# [Picture heavy] Martin's R-695 - Rat Skyscraper



## DonnaK (Feb 8, 2007)

Well, I tried to take some pictures of the cage, as promised a week ago, but they didn't come out too great. I'll try again later, but for now this is what I have. I took out some of their toys so you could see the layout of the cage a little better, so it looks a bit sparse right now. That said, whilst I've taken their toys out of the middle floor, I do keep the bottom floor clear so they have a run around area.

The cage is also a little mis-matched as I need to make some colour co-ordinated hammocks for it, and find some matching/co-ordinating wheels and other accessories.

From top to bottom, left to right, we have -

Top left shelf, approx 18 x 10ins
Top middle, two hammocks (because I haven't made any new ones for this cage, yet!)... one single layer hammock and the other double layer for sleeping on or in
Top right, a hook on shelf and food bowl - the food bowl sat too high when I put it on the shelves, so I put it next to an add on shelf and it's much better for height
Under the shelf on the left there is another single layer hammock
Then there is the full middle shelf, with a tissue box, another food bowl with a lift up lid for hiding treats in and a runaround ball made into a bed
Below that floor, on the right, I have another single layer hammock
There is another 18 x 10 shelf on the right, with another water bottle down there
The bottom floor has a 11" comfort wheel, which they love, and a corner litter box with a wire grid, which attaches to the side of the cage. A friend recommended the one with the wire grid to me as she had success with it with her two boys... it seems to be working, but I'll post about that in my litter training post.


















Whilst we are home, we hook up a 20 foot clear dryer hose to their cage, which leads across the room to their 3 seater couch. It's great to watch them running backwards and forwards between the couch and the cage. 


























I still need to do some work on their cage, especially that big open space in the top right corner which is being wasted right now, but we (humans and rats!) are very happy with it so far. For those that were/are considering buying the same cage, I hope this post helps a little bit. You can at least see that there is more than enough room for 2 or 3 rats, and the cage calculator says it's good for 4 or 5 rats. I really would recommend this cage.


----------



## reachthestars (Feb 27, 2007)

I have the same cage, and used it for 2 years before upgrading to my FN. I loved it, but the hassle for cleaning just made it not worth the effort, in my opinion. I have back and knee issues, so moving it around caused me alot of pain. I left it at my parents house, so when I go home for holidays I cram eight rats in . 

Love the dyer hose idea, and I bet they have a real blast with it!


----------



## DonnaK (Feb 8, 2007)

I could see how the back and knee issues could be a problem 

They love love LOVE the dryer hose.
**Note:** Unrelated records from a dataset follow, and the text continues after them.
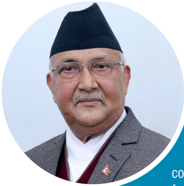
RIGHT HONORABLE PRIME MINISTER MR. K P SHARMA OLI

Nepal is a unique investment destination, given its diverse resources, huge market access across the borders and government's single-most priority on development. With accomplishment of political stability, strong commitment to good governance and improving infrastructure, Nepal is looking forward to rapid investment growth in several potential areas of industry and infrastructure. As the focus of the current government is on economic prosperity, very much aligned with the vision of " Prosperous Nepal: Happy Nepali ", I consider Nepal Investment Summit 2019 as a distinctive opportunity to realize the potentials of the country as well as of the investors.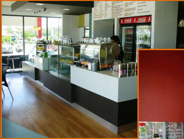
IGA Supermarket Capalaba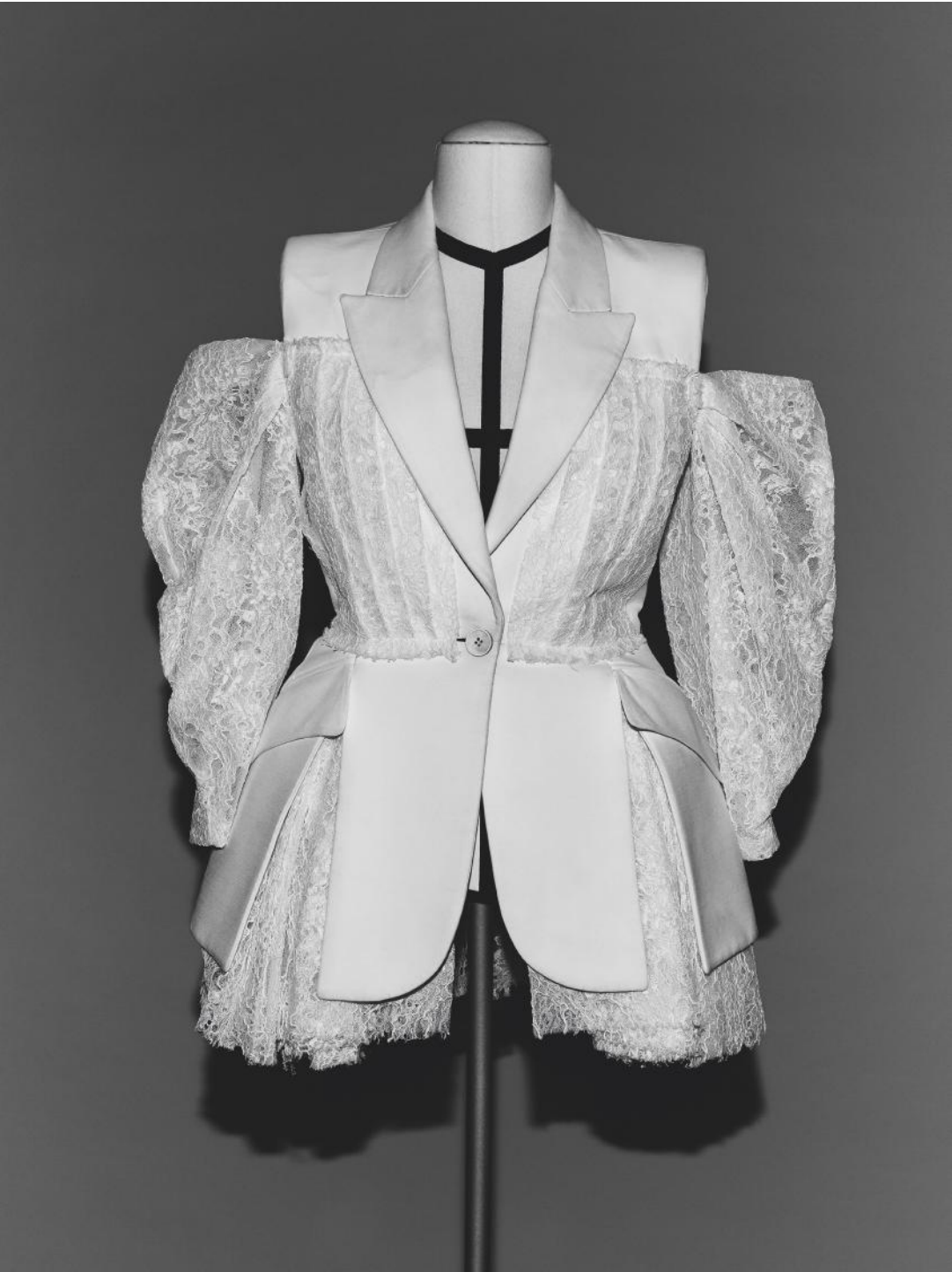
This page, jacket, £5,340, by Alexander McQueen . Opposite, boots, £2,400, by Celine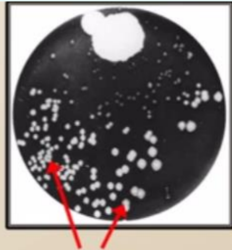
Colonies of Staphylococcus aureus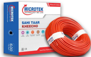
WIRES & CABLES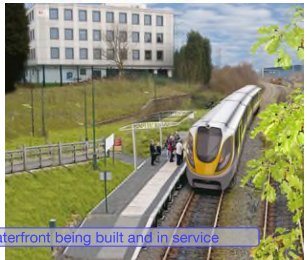
An artist's impression of the terminus at The Waterfront being built and in service

The proposal was picked up by the Stourbridge News on 11 January 2012, although details about station locations were more vague. A total cost of £5m was quoted with the stations being prefabricated and constructed on site. It was stated that £1m had been attracted from the Government's Regional Growth Fund.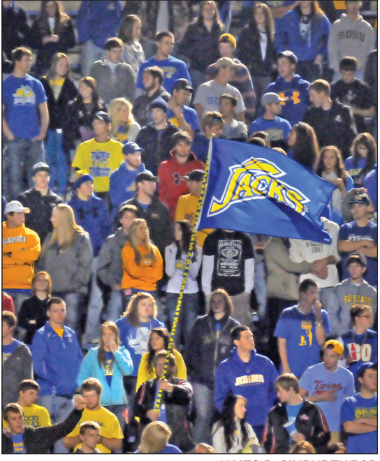
A South Dakota State flag is brought out during an Oct. 13 home game at Coughlin-Alumni Stadium in Brookings. The Jackrabbits will host USD today (Saturday) at 2 p.m.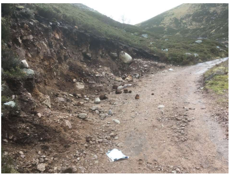
Loch Muick, Cairngorms National Park, December 2016

7. Due to the devastating effectiveness of modern machinery, tracks are often used to completely change the character and purpose of many old historical paths that have existed in the Scottish hills and glens for centuries. Some of these are old stalkers' paths and others have provided through routes for locals and visitors alike. From information sent to the Campaign by members of the public and from its own observations, it has been found that many of these paths are being altered by estates under Permitted Development Rights. If a Prior Notification is submitted, the applicant tends to claim "restoration" or "maintenance", whereas what is happening on the ground can only be described as the destruction and loss of an historical artefact.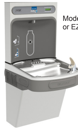
Models EZS8WS or EZSDWS

**Based on 80°F inlet water & 90°F ambient air temp for 50°F chilled drinking water.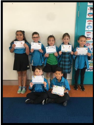
YR 1 MERIT AWARD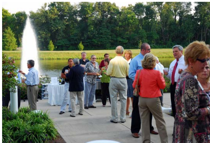
Hortica Insurance & Employee Benefits, September 3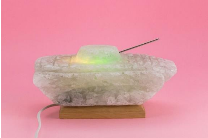
Figures 12, 13, and 14. Lia Dostlieva and Andrii Dostliev, Zalyzuiuchy rany viiny ( Licking War Wounds ), 2016–21: week 1, week 167, week 240 (the final week), courtesy of the artists.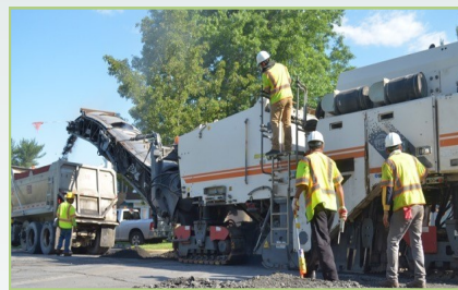
Typical milling operation

5. Paving with hot mix asphalt - Asphalt is delivered to the site in dump trucks. The hot material is transferred into the hopper of an asphalt paving machine such as the one depicted in the photo. The paving machine places the hot asphalt in a uniform thickness and provides initial compaction.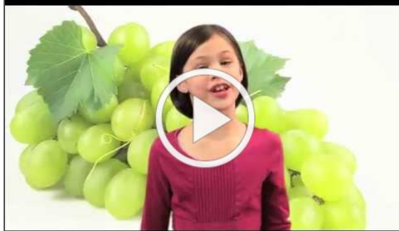
Baby Language Song ASL

Check out these Additional Summer Resources available through our SESA Lending Library!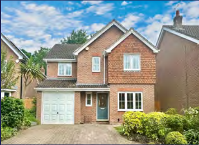
Ringwood £2,350 PCM

A impeccably presented detached, modern house in Ringwood. Four Bedrooms | One Bathroom | Driveway Parking | Garden | Close To Local Amenities | Garage | Cul-De-Sac | Walking Distance To Local Schools.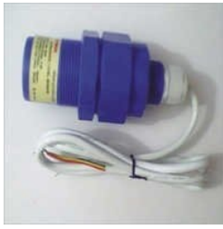
Ultra Sonic Level Sensor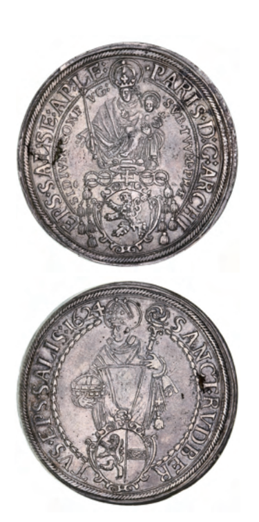
2117* Austria, Salzburg, Paris von Lodron, silver thaler 1624 (KM.87). Toned, nearly extremely fine . $250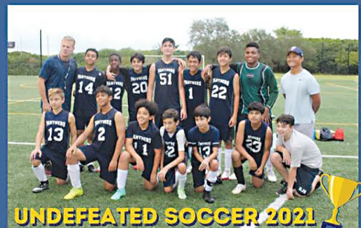
UNDEFEATED SOCCER 2021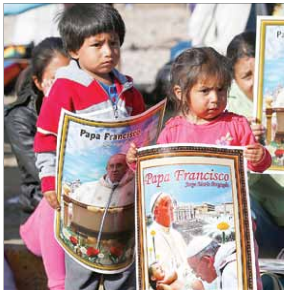
Children hold posters as they wait to see Pope Francis near his meeting with clergy, religious men and women, and seminarians at the El Quinche National Marian Shrine in Quito, Ecuador, July 8.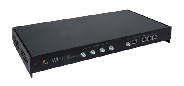
Controller for 32/64 Ethernet over Coax End-Points and WiFi, Pro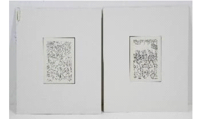
Lot # 616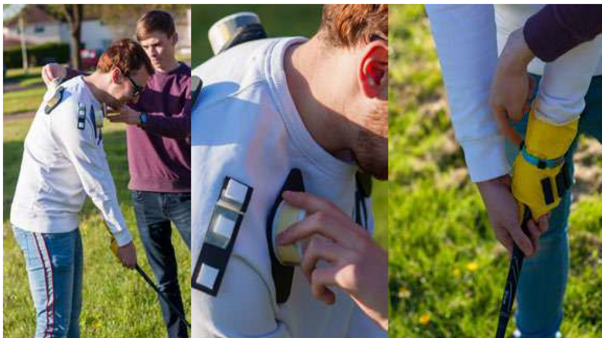
Figure 5. Later experience prototyping of iterated touch technology concept in context with a user.

This emergent UXD practice for designing with touch is in line with established UXD pedagogy, particularly how contextual scenarios are used to explore behaviour and the narrative of experiences before the details of user interfaces and (typically screen based) interactions are resolved. How students go on to articulate the sensory interactions once the overall narrative of the experience has emerged has yet to be resolved. Nonetheless, it is significant that studio-based and staff-supported experience prototyping provided the ID students with the knowledge and confidence to take these prototyping techniques out into the wild to further resolve their designs with target users later in the assignment (for example, Fig 5.).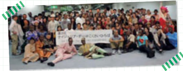
Last year's Nigeria Day

A showcase of fascinating Nigeria by Kyushu's resident Nigerians! Participants of all ages can enjoy games and songs, as well as trying on native dress. Come and experience Nigeria at Kokusai Hiroba!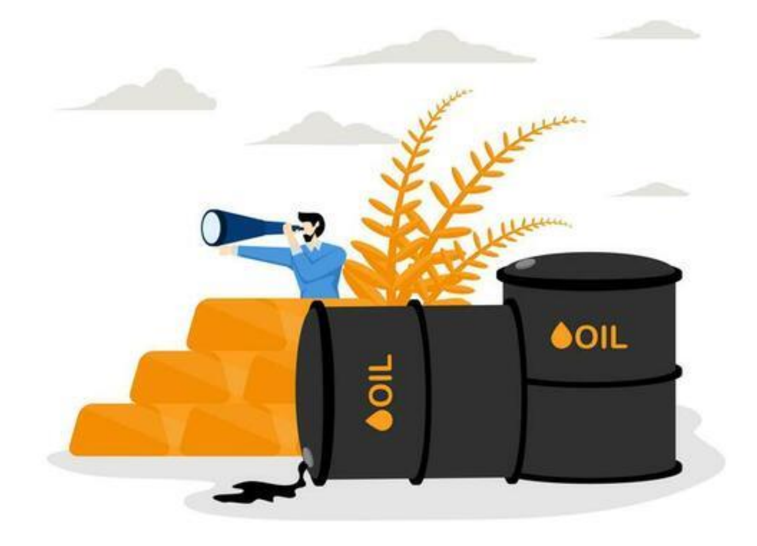
Commodities Evening Wrap

I think they get more exercise racing through that than they do running and climbing on the couch! :lol:


----------



## Schmea (Sep 21, 2007)

I just bought this same cage last week direct from Martin, and for anyone worried about shipping costs, or for any fellow Canadians worried about the exchange... stop worrying. When I spoke to Martin, they told me that they had just negotiated a new shipping rate with Fedex, so the prices on their website are not accurate, and the new rate is much lower. So, I placed the order... five days later (from Pennsylvania to Vancouver BC, not bad at all!) the cage arrived, and I was very pleasantly surprised with the cost. With the powder coating option and the flip top lid, ($124 US Dollars without shipping or exchange) the cage in total, exchange/shipping everything included, cost me about $175 Canadian.

To be honest, for $175 at any of the local petstores I'd have gotten something of much lower space and quality, so I've VERY happy with the purchase. Mokey and Boober are happy with it as well... once Boober figured out how to climb the ramps to find her sister, and stopped sulking in the bottom corner.

We love her even if she isn't the sharpest tool in the shed.


----------



## DonnaK (Feb 8, 2007)

Schmea said:


> We love her even if she isn't the sharpest tool in the shed.


:lol:

Yes, Martin's are very fast and had brilliant communication - I emailed them with a query at 8.05 pm and I received an email back from Diana Martin at 8.17! They were incredible!


----------



## ladada2001 (Sep 23, 2007)

It's extremely impressive, but the large tube in the middle of the room seems like it would get in the way.


----------



## Forensic (Apr 12, 2007)

I wish I could figure a way to add a tunnel to the outside of my FN... to a second cage or playpen or something... that sounds like fun.


----------



## mollylovesherrat (Sep 24, 2007)

Out of curiousty, what kind of tubing did you use?
I would appreciate it!  
Right now I'm brainstorming on making my cage more fun for my little rattie.
I want to make a tube connected to another cage that I have.
One kind of being like a sleeping area and another a play cage. xD


----------



## jellybeanqueen (Sep 6, 2007)

wow, the cage looks great~
and i love the thing you did with the dryer hose..ingenious. ;]
hopefully i'll be getting a martin's cage or maybe even an FN for xmas, as the cage my baby girls are in now would be too small for adult rats!


----------



## glindella (Sep 9, 2007)

how long did it take for them to figure out the hose? I think my boys would look at it, then me, then demand I carry them to the couch :wink:


----------



## sonoma (May 26, 2007)

Your new cage looks very nice, Donna!


----------



## jorats (Sep 9, 2007)

Very nice set up!
I've used dryer hose before but my rats chewed right through.


----------